Plame Game round-up

Of all the major national dailies, only one — the Chicago Tribune — put the Plame story on the front page. Everyone else stuffed it — the Washington Post (page 2), the NY Times (page 16), the LA Times (page 9), and USA Today (page 7). I guess it’s fairly routine to have a sitting president speak to federal investigators as part of a White House criminal investigation. Ho hum.

Since the White House acknowledged yesterday’s “meeting,” we’ve learned a few details.

* Bush was not under oath, but was still required to be honest.

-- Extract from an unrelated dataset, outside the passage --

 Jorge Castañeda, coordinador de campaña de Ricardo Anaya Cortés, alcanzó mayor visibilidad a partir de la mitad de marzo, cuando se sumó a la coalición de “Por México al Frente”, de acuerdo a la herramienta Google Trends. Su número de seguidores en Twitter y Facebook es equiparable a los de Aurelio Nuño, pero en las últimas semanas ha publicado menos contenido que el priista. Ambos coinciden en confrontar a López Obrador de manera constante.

Bush was not questioned under oath, but he did remain under an obligation to testify truthfully and, technically if not practically, he remained liable to be charged with a false statement if prosecutors found he had failed to answer completely or honestly.

* It’s hard to say just how helpful Bush was.

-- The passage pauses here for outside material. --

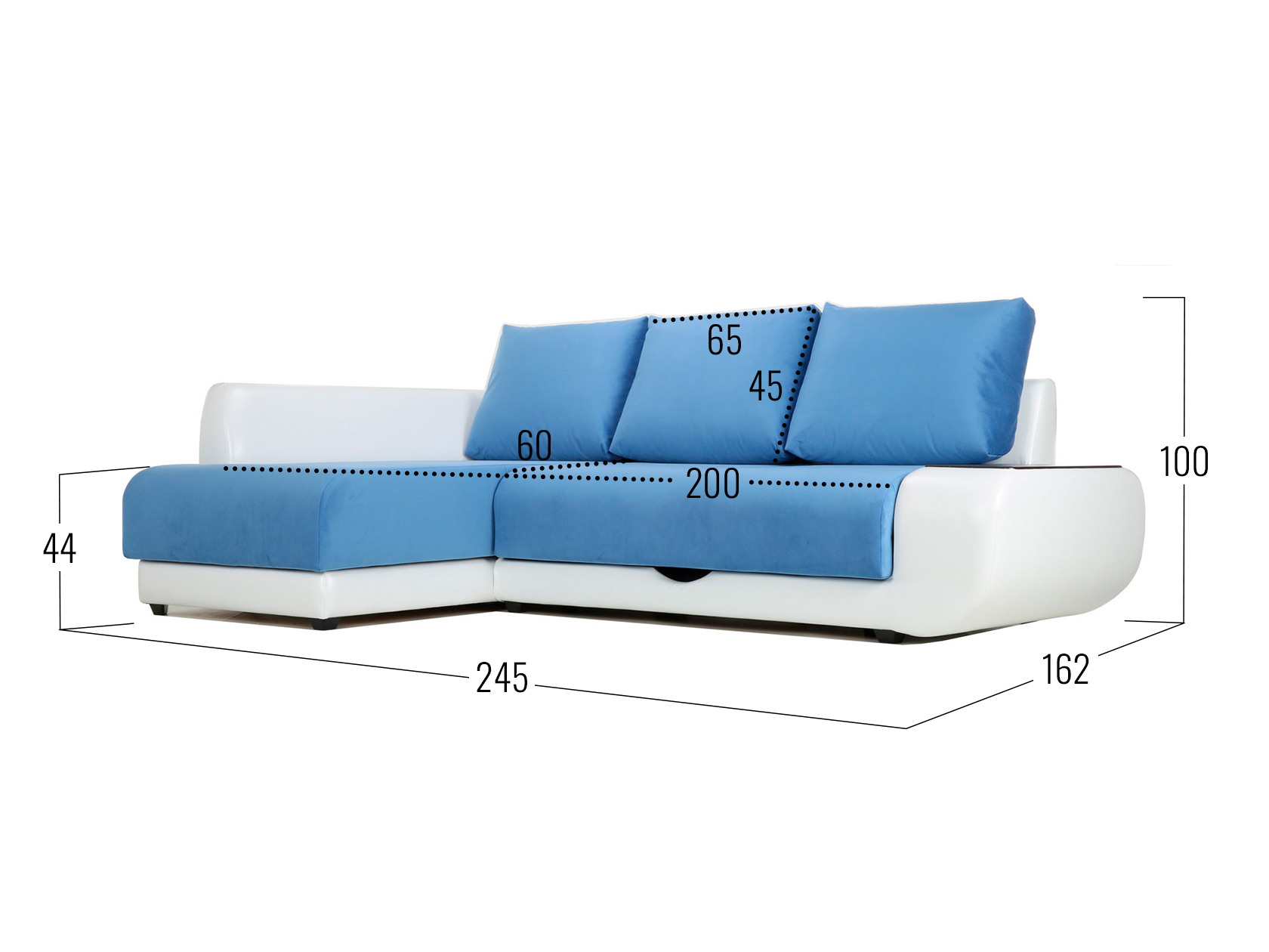 Синий, велюр / Без бара / Слева / Независимый пружинный блок

Asked if Bush had answered every question, McClellan said, “The president was glad to do his part to cooperate with the investigation.

* The White House is still cagey about what Bush does or doesn’t know about the crime.

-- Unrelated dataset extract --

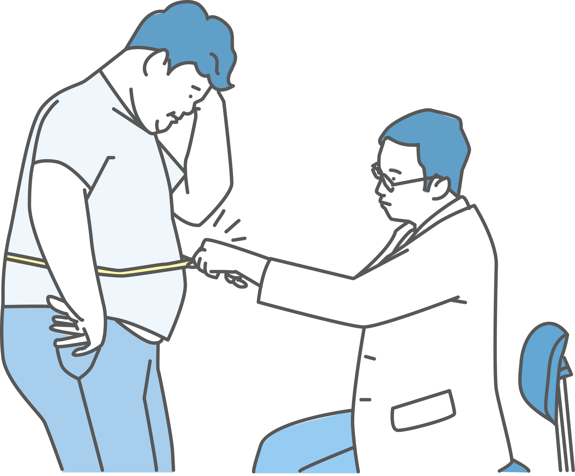 診察、食事・運動指導、身長・体重・血圧測定、血液・尿検査

McClellan, who said he was not in the meeting, was asked if Bush had any information about who leaked Plame’s name. “That’s just getting into questions that are best directed to the officials in charge of the investigation,” he said.

* The interview lasted about 70 minutes, but there may have been restrictions on its length.

Asked if the White House had set a time limit, he said it would be “wrong to characterize it that way.”

* We may not be hearing much more about this for a while.

Mr. Fitzgerald, according to some lawyers in the case, is now likely to move into a quiet period of several weeks to weigh the accumulated evidence and consider whether to charge anyone with a crime.


And just as an aside, the Big Dog himself was asked about the Plame Game in an interview with Salon.

“What happened to [Joseph Wilson’s] wife was unforgivable as well as illegal — and potentially dangerous, and damaging to our intelligence networks,” Clinton said. “And it plainly came from someone who didn’t like the fact that Joe didn’t give the accepted line [on Iraq]. So it’s hard for me to believe they can’t find out who outed her. And I would have gone to extraordinary lengths to find that out, and then taken the appropriate steps.”